La crise touche d'une part les populations les plus fragiles à savoir les sans-abris. Au total, 330.000 personnes sont sans domicile. Un chiffre qui a plus que doublé en dix ans. De même, le nombre d'enfants à la rue augmente. Plus de 8.300 personnes, dont 2.800 mineurs ont été refusés chaque soir par le 115 à l'automne dernier, contre 6.300 un an plus tôt.

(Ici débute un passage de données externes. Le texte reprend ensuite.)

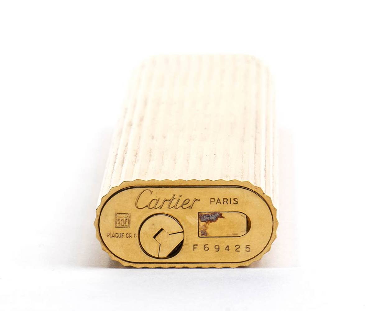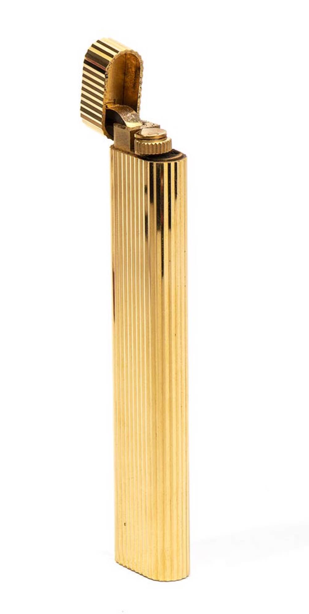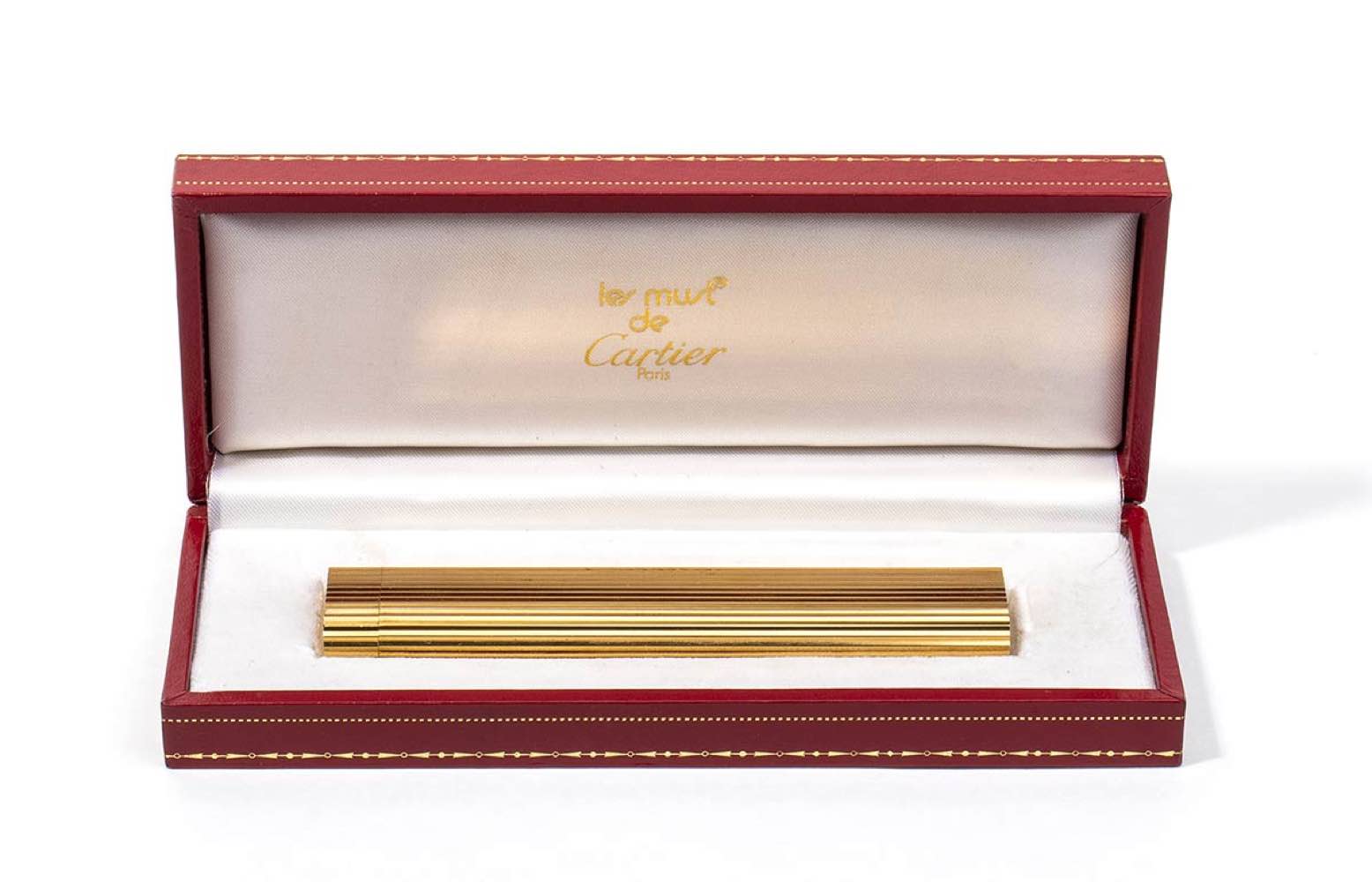 modello Pave, corpo godronato placcato in oro. Numero di serie F69425. Lunghezza 12,3 cm. larghezza 2,5 cm. Stato di conservazione: ***** eccellente. Scatola, controscatola e istruzioni originali Cartier.

La saturation de l'hébergement d'urgence n'est plus un problème hivernal mais persiste désormais toute l'année, déplore la fondation, malgré l'augmentation du nombre de places. La Fondation Abbé Pierre s'inquiète ainsi d'une hausse des expulsions locatives, qui ont atteint un niveau record en 2022 (17.500), selon son rapport annuel sur le mal-logement publié mercredi.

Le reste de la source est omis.